The rebuttal addresses the following four concerns.

  1. Unclear Motivation The motivation of this work lies in the consensus that histopathological characteristics of tumors, including the tendency of tissue invasion, metastasis, growth pattern, and etc., are significant guidance for cancer diagnostics and therapies. Particularly, as the evolution of cancers is a continuous process, the correlations and differences across various stages, anatomical locations and patients should be taken into account. However, recent research mainly focuses on the inner-contextual information in a single WSI, e.g. multi-scale information (H^2 MIL, DASMIL), heterogeneous structure (HEAT) and semantic invariance (ReMix). Few have considered the correlations at a larger scope (HiDisc, HVTSurv) yet are still limited to patient-level. Based on this point, we incorporate the above consideration with graph neural networks, which show promising flexibility and interpretability in multiple fields, into a generic framework for improving the learning of slide representation and the performance of the integrated patch-based MIL methods.
  2. Undetailed Method –After the patches are tiled, the frozen PLIP is applied to extract patch embeddings. In the 10 epochs warm-up phase, only the MIL Backbone T() and its classifier ClsMIL() are updating for pre-convergence, the graph-based branch doesn’t participate in parameter update for now. The Node Buffer with a length of 3072 is continuously collecting preceding slide embeddings generated by T() in the manner of first-in-first-out, like MoCo. As the formal training phase begins, the AGG module constructs and updates the slide-based graph iteratively, where a node denotes a WSI and each is connected to the closest k nodes (measured by cosine similarity between node embeddings), and the subsequent GCN starts to work. –The MIL backbone is trainable throughout the training, ensuring it generates more discriminative slide representations. –During inference, all parameters and the Node Buffer are frozen. When a WSI is inputted, 1) its initial embedding will be made with T(), 2) the AGG module will insert it into the slide-based graph by connecting it with its k-nearest buffer nodes, 3) the trained GCN will make message passing to refine its embeddings for final classification. –The learning rate l follows the baseline setting in warm-up stage and empirically declines to 1e-4 during formal training.
  3. Insufficient Experiment and Confused Results –As to discrepancies in reported results (Reviewer #1), the main factor should be the cross-validation (CV). We applied CV in the experiments whereas the original TransMIL paper did not. Our results are close to the original DTFD-MIL paper considering that our total training epochs (100) are half theirs (200). –Gradient propagation of AGG: the nodes retrieved from the buffer are considered as static data that have no gradients, and gradient propagation only comes from the nodes from the current mini-batch. –The extra computations mainly come from several additional linear layers and two graph conv layers.
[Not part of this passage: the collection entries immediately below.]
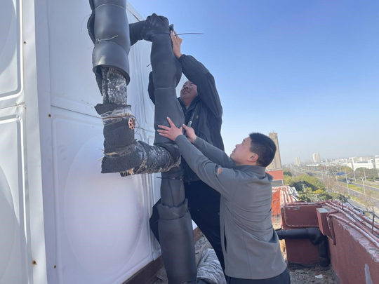 與此同時,常年佇立的戶外設(shè)施也紛紛披上量身定制的“保溫外衣”。工作人員采用專用保溫材料,對這些設(shè)施進(jìn)行嚴(yán)密封裹與加固,確保在嚴(yán)寒天氣中仍能正常運行,有效防范因凍脹、凍裂引發(fā)的供水中斷或消防安全隱患。
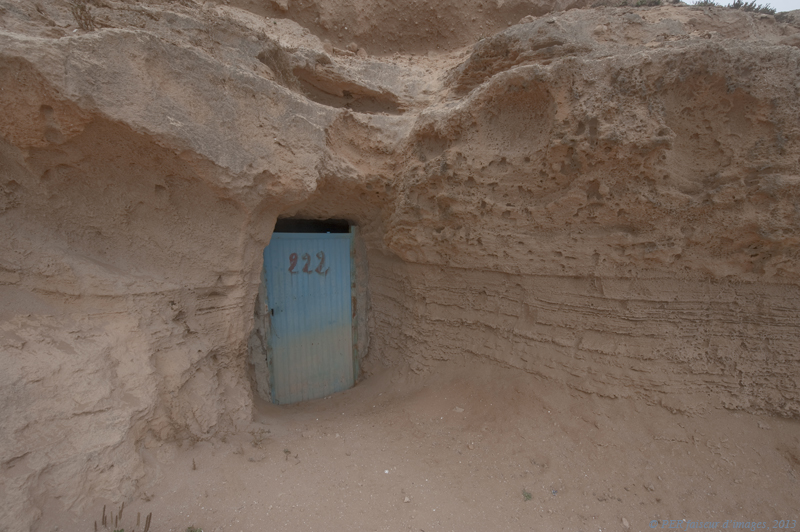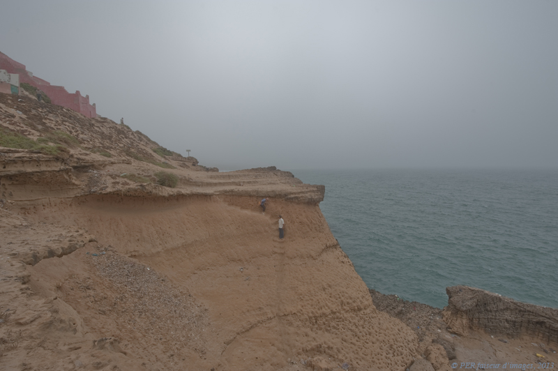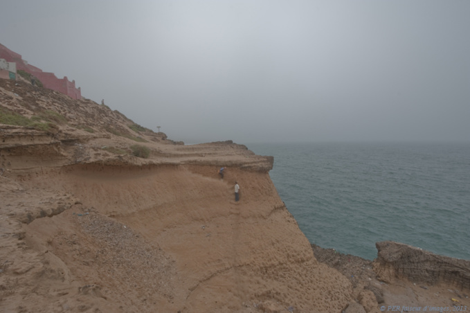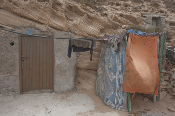 Nous quittons notre futur “fief” pour rejoindre celui du “Pape des Troglos”. Soit vous avez une mule, soit un 4X4, soit vous êtes un pilote expérimenté qui connait les pistes et les dunes comme sa poche. Notre pote Brahim, futur “régisseur” de notre domaine, nous conduit sans hésitation au village de pêcheurs.Il ne s'agit pas de grottes accrochées ça et là dans la falaise, mais d’un véritable agglomérat de cavités pratiquement toutes occupées par les pêcheurs. Une forte odeur de sardine flotte ans l'air... Le village est désert, tous les pêcheurs sont nichés dans des surplombs vertigineux : ils font leur marché en “ligne directe” 25 à 30 mètres plus bas : courbines, bars, dorades, mulets et raies les attendent quotidiennement. Impressionnant, comme cet escalier brut de brut, taillé dans la roche et qui dessert les points de pêche.
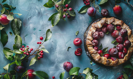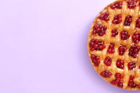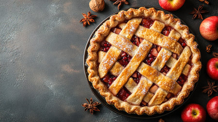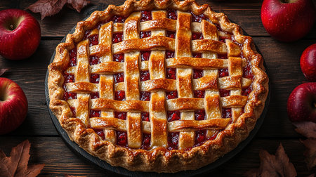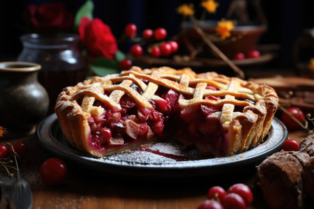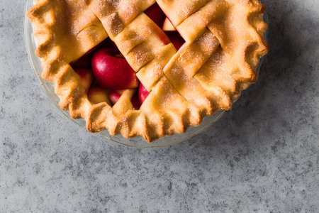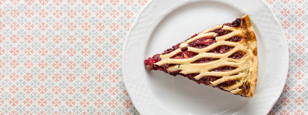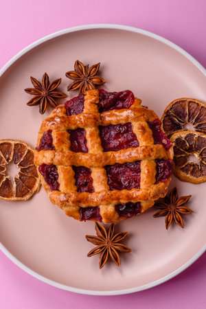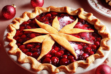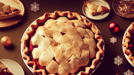Cherry sweet American Christmas pie or tart. American cherry pie as a food backdrop for your design
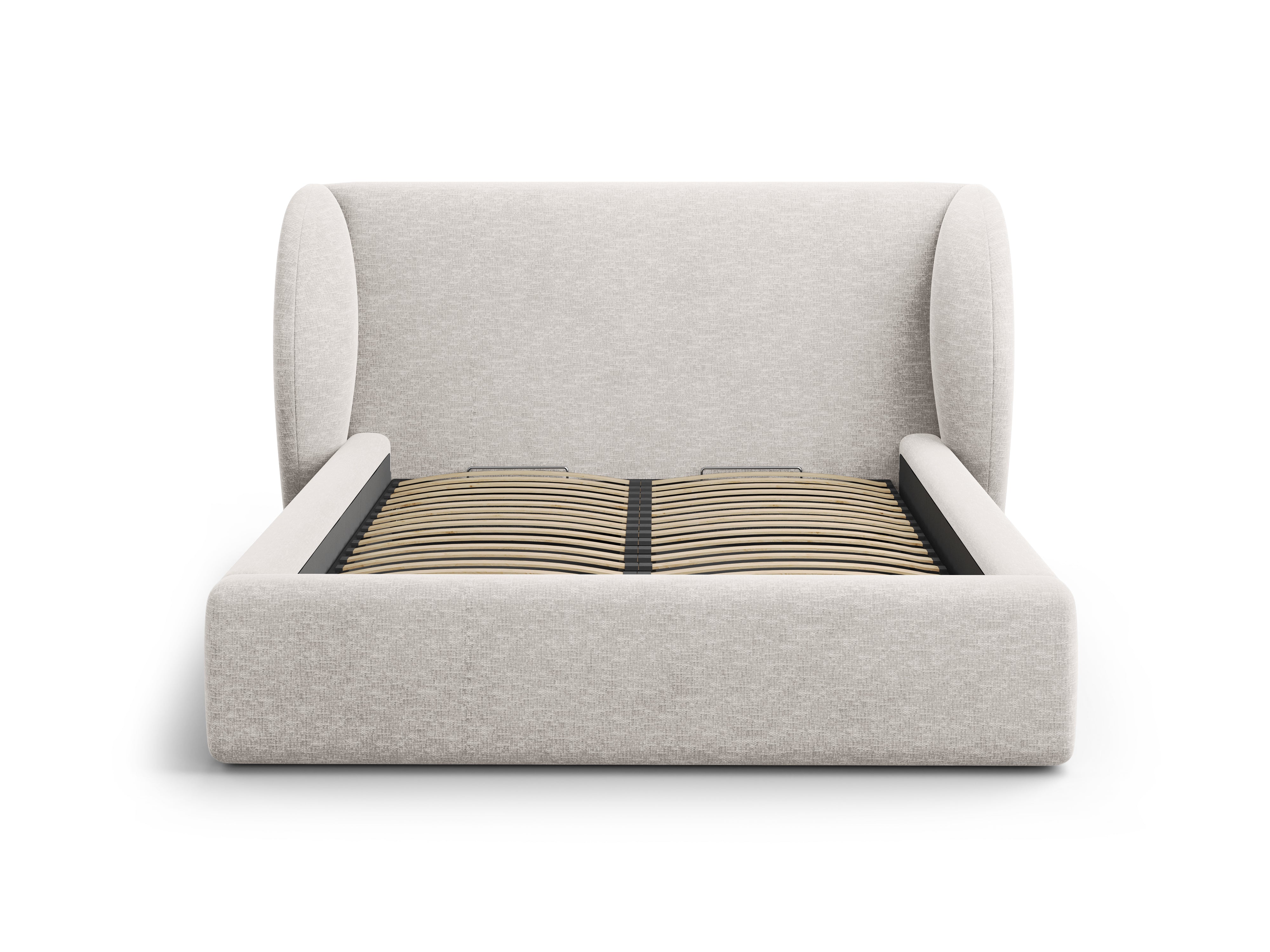 Łóżko Miley jest nie tylko efektowne, ale też praktyczne – wyposażone w pojemny schowek na pościel otwierany od przodu za pomocą podnośników gazowych. To idealny wybór dla osób, które cenią połączenie estetyki, funkcjonalności i komfortu w sypialni.
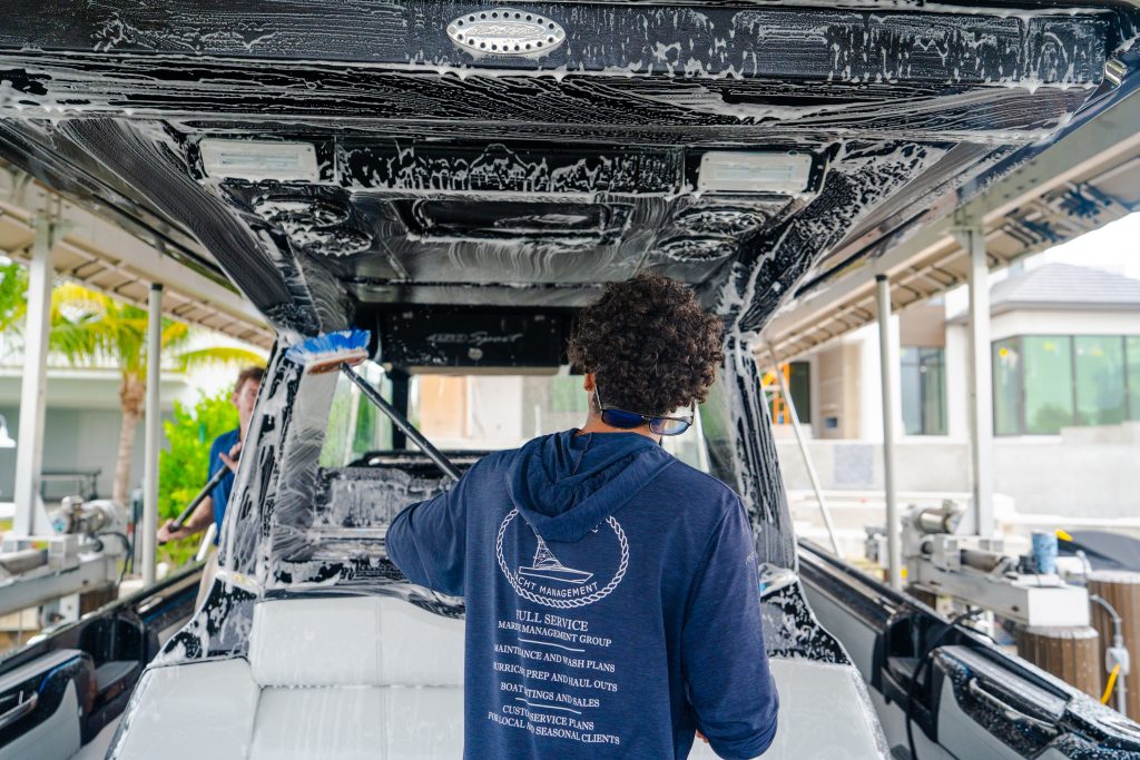 Every project is performed by trained marine detailers following documented checklists and manufacturer-safe methods. We use deionized water for spot-free rinsing, pH-balanced soaps safe on protective layers, non-skid–specific chemistry, plastic-safe polishes for clear enclosures, and marine-grade polishes and sealants. Sensitive areas are masked and protected, test spots are completed before full correction, and all work is insured and aligned with marina guidelines.
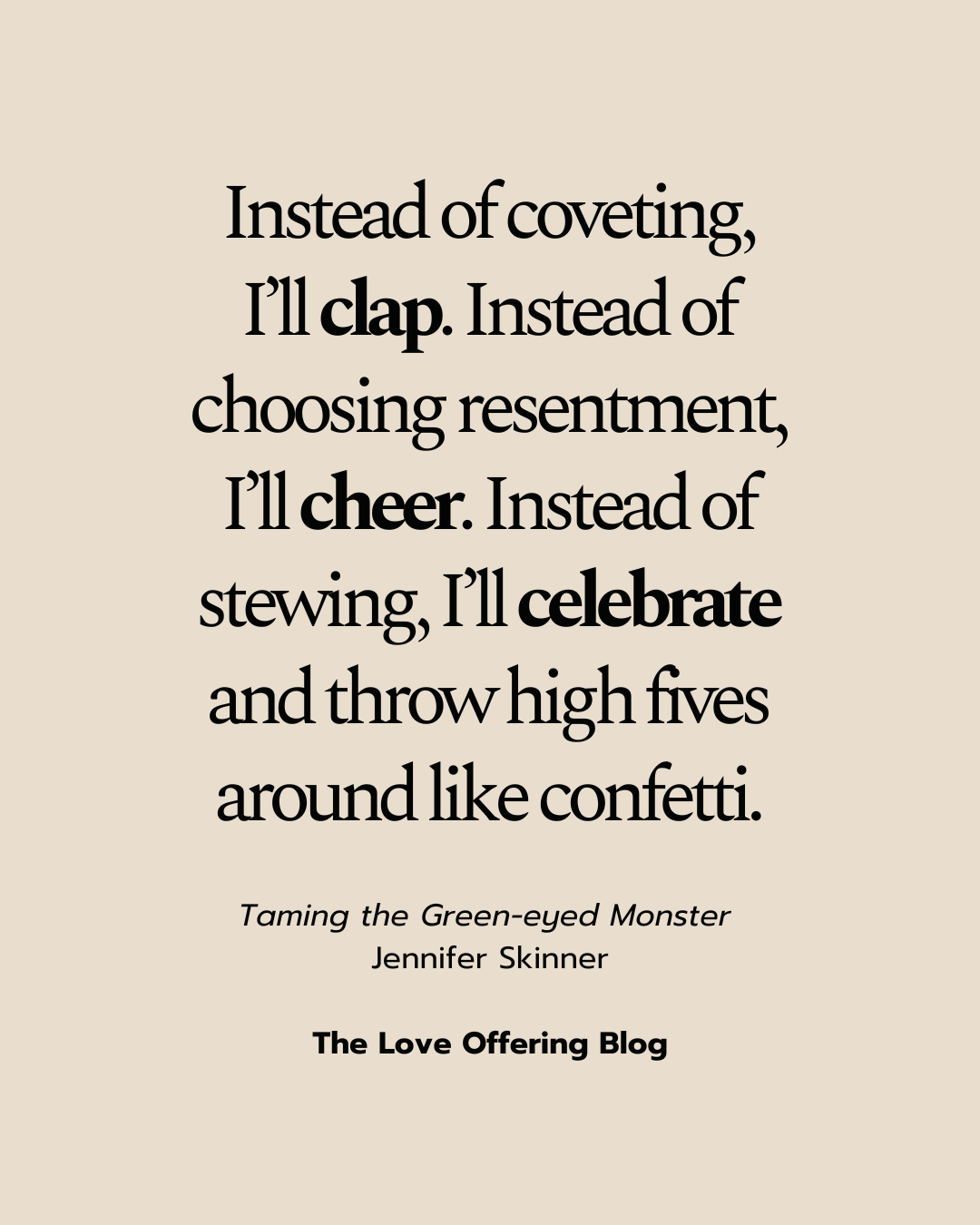 The next time I feel that green-eyed monster lurking, I’ll remember what a bunch of guys named Drew and Alex and Ryan taught me about an ancient commandment written by a guy named Moses. Instead of coveting, I’ll clap. Instead of choosing resentment, I’ll cheer. Instead of stewing, I’ll celebrate and throw high fives around like confetti. Before I know it that pit in my stomach might just disappear.

Concretely, our method has GFLOPs of 404.37 with a mini-batch consisting of 64 WSI with 5000 patches, which is only 1.01% higher than the 398.93 GFLOPs of its baseline – TransMIL. This increase is minimal. –The absence of Camelyon16 (Reviewer #1) is mainly because its size is much smaller than the TCGA datasets we used. –The information density of datasets and the missed ablation about knowledge distillation and graph construction strategy will be considered part of our future work.
  4. Other concerns on reproducibility –We will open-source the code to cover the technical and practical details. –We will improve the figures to clarify misunderstandings and add missed references. –A table will be provided in Supplementary Materials to cover the experimental settings including but not limited to learning rate, runs of training, the gradient update rules, etc.



Meta-Review

Meta-review #1

  • After you have reviewed the rebuttal and updated reviews, please provide your recommendation based on all reviews and the authors’ rebuttal.

    Accept

  • Please justify your recommendation. You may optionally write justifications for ‘accepts’, but are expected to write a justification for ‘rejects’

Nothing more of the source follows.